Ritual yang dilakukan perempuan separuh baya itu merayu langit kelabu, mendapat reaksi dari berbagai kalangan, termasuk para ulama. Bermunculan beragam komentar mengenai pawang hujan. Praktik seperti itu sudah lama dikenal di berbagai daerah, yang dilakukan dengan cara berbeda-beda. Ada yang menyebutnya sebagai kearifan lokal nusantara.
Pawang hujan merupakan sebutan untuk seseorang yang dipercaya sebagai “orang pintar” dan punya “kelebihan mengendalikan cuaca dengan cara memindahkan awan penyebab hujan”. Jasa mereka biasa digunakan untuk pelaksanaan barbagai kegiatan atau acara keramaian. Seperti pesta pernikahan atau hajatan, pertandingan olahraga, maupun kegiatan resmi pemerintah. Ritual pawang Tujuannya agar tidak turun hujan dipercaya sebagai cara untuk menolak atau memindahkan hujan.
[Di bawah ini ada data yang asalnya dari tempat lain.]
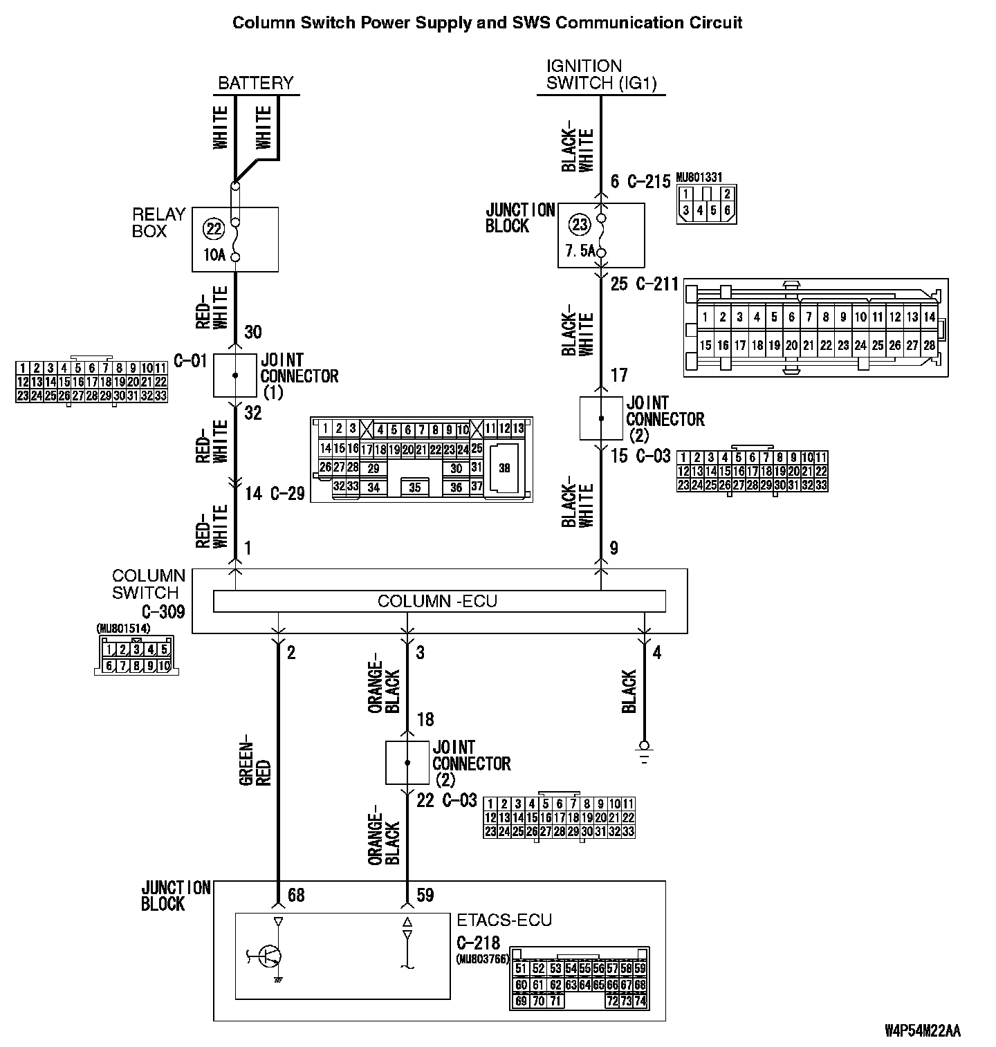- The power supply to the column switch is provided by the battery and the ignition switch (IG1).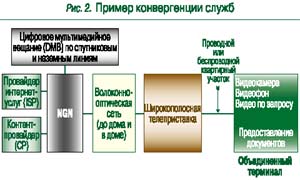 Рекомендация Y. 2011 имеет два приложения и два дополнения. В приложениях А и В рассмотрена применимость к NGN отдельных разделов Рекомендации Х. 200 (о базовой эталонной модели ВОС). Дополнение I содержит возможные принципы взаимодействия NGN с не-NGN-сетями. В дополнении II приведен пример конвергенции служб для объединенного терминала (рис. 2). Скорость для одного абонента в этом примере равна 100 Мбит/с (3 канала по 4 Мбит/с для телевидения высокой четкости; 4 канала по 4 Мбит/с для видеофона; 20 Мбит/с для Интернета; 2 Мбит/с для высококачественной голосовой службы). Сравнение первых двух рекомендаций по NGN с рекомендациями по ГИИ показывает их близость (табл. 2). Поэтому взгляд МСЭ-Т на NGN как на конкретную реализацию общей идеи ГИИ вполне оправдан.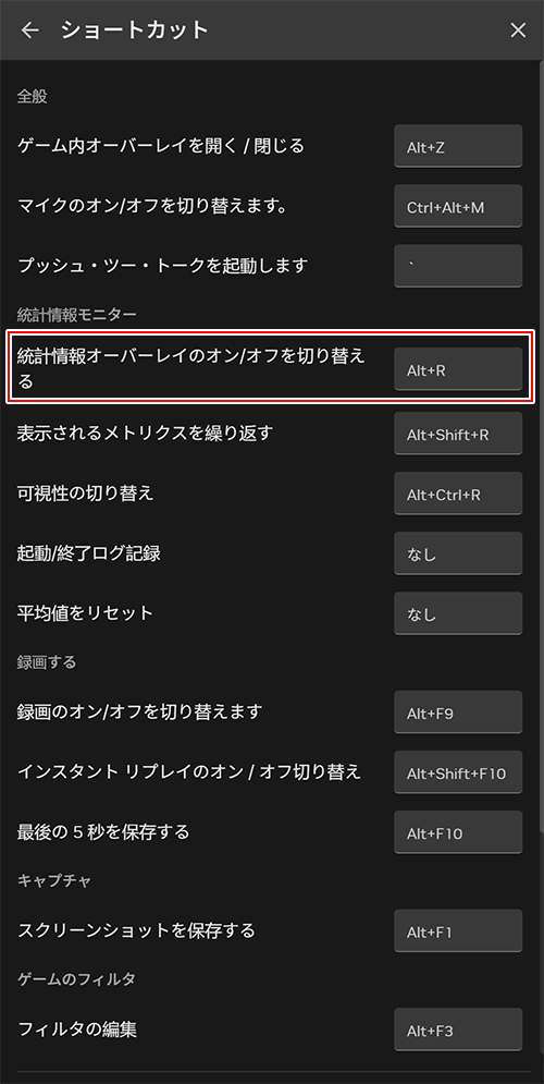 統計情報オーバーレイのオン/オフを切り替えるにALT+Rが設定されているのを確認できます。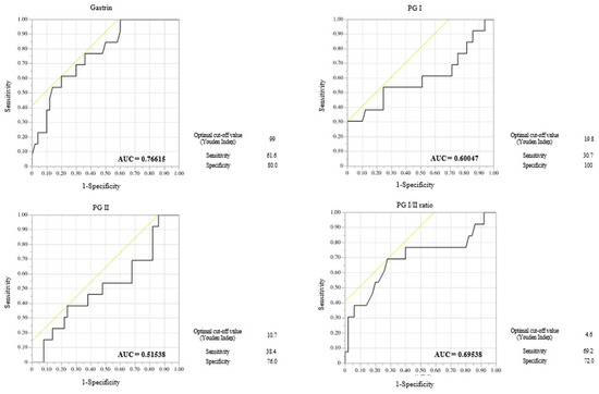 This figure presents receiver operating characteristic (ROC) curves for four serum markers. Gastrin, Pepsinogen I (PG I), Pepsinogen II (PG II), and the PG I/II ratio were used to predict metachronous gastric cancer after the eradication (GCAE) of lesions. Gastrin exhibited the highest diagnostic accuracy, with an area under the curve (AUC) of 0.7661. The optimal cut-off value, determined by the Youden index, was 59, resulting in a sensitivity of 61.6% and a specificity of 80.0%.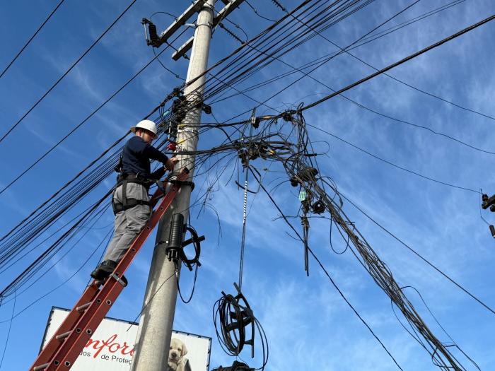 A ação tipo “mutirão” já aconteceu nos anos de 2023 e 2024, quando vários trechos na avenida Brasil, rua Aimoré, avenida Sete de Setembro, e outras vias passaram pela retirada dos fios excedentes. “Infelizmente com a chuva de maio e a enchente tivemos que suspender as operações no segundo semestre de 2024”, explica o coordenador da Defesa Civil, Kairo Campos. Desde o período de operações suspensas em trechos determinados, a Defesa Civil mantém um grupo de WhatsApp com representantes das operadoras de internet, onde são repassadas as ocorrências urgentes de fios caídos para a rápida remoção.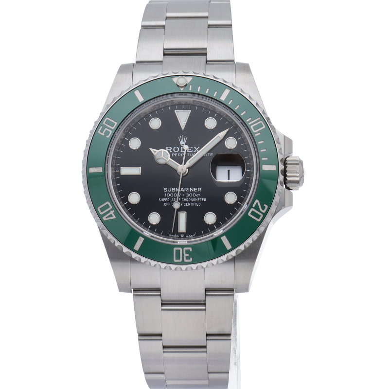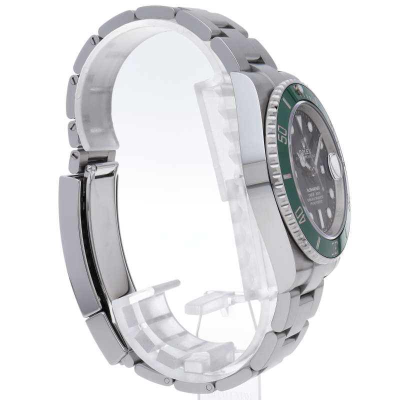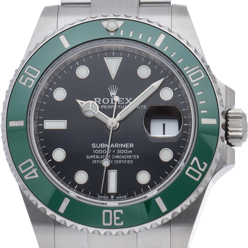 2003年にサブマリーナ誕生50周年記念として発表され高い人気を誇る“グリーンサブマリーナ”が新型自社ムーブメントを搭載しモデルチェンジしました。ブランドカラーであるグリーンのセラミックベゼルはそのままに文字盤がブラックになりました。ケースサイズは前作より1mm大きい41mmとなります。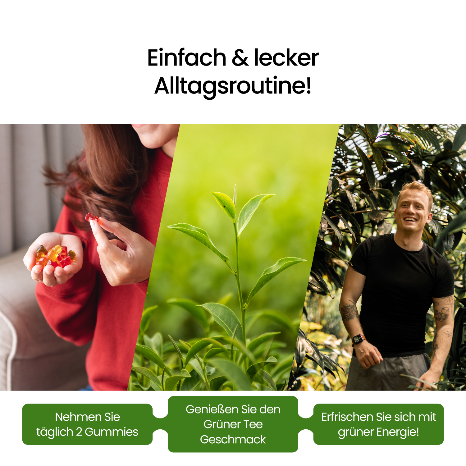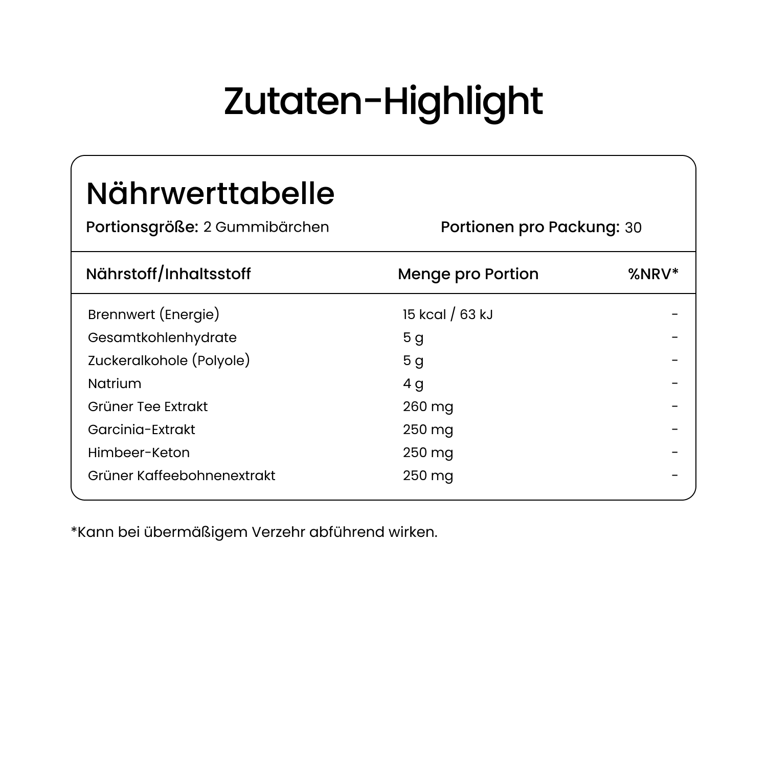 Contains a 1010 mg blend per daily serving (2 gummies), including green tea extract, garcinia extract, raspberry ketone, and green coffee bean extract for a well-rounded formula.
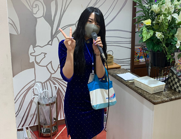 ブルーのチャイナドレス風のコスチュームにお着替えをして、みなさんと一緒に整列中です( ̄▽ ̄)ゞ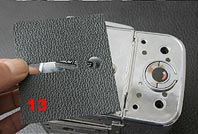 As above "4th" image, squeeze the new leatherette under the tripod block, then adjust the position. Please apply the new leatherette before the alcohol gets dry. |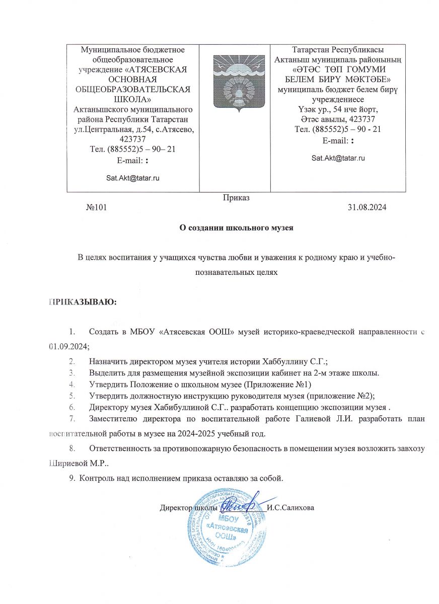 Муниципальное бюджетное общеобразовательное учреждение «Атясевская основная общеобразовательная школа» Актанышского муниципального района РТ/Татарстан Республикасы Актаныш муниципаль районының "Әтәс төп гомуми белем бирү мәктәбе" муниципаль бюджет белем бирү учреждениесе

Keberadaan pawang hujan merupakan fakta yang sudah lama dikenal di nusantara. Kepercayaan bahwa ada orang yang memiliki kelebihan tertentu. Namun, menjadi pertanyaan adalah kepastian sejak kapan dikenal istilah pawang hujan, praktik yang dilakukan, dan membedakan mana yang lebih ampuh. Terhadap pertanyaan tersebut, perlu penelusuran tradisi pawang hujan di setiap daerah.
Dikutip dari kumparanNEWS, dalam cerita rakyat Betawi pada zaman dahulu diyakini tentang sepasang dewa-dewi yang diturunkan ke bumi untuk memerbaiki kondisi alam yang tidak seimbang. Dikenal sebagai nenek dan aki Bontot yang mengajari manusia mengelola bumi, mengenali tanda-tanda alam, serta memperkenalkan alam gaib.
Menurut budayawan Betawi, Yahya Andi Saputra, cerita yang dituturkan secara turun-temurun itu tetap lestari di tengah masyarakat Betawi. Kisah nenek dan aki Bontot juga menjadi dasar eksistensi dari profesi unik dalam masyarakat Betawi yang dikenal dengan pawang hujan. Dalam praktiknya, pawang hujan tidak berarti menolak atau menghentikan hujan. Mereka hanya memindahkan awan mendung dari satu tempat ke tempat lain.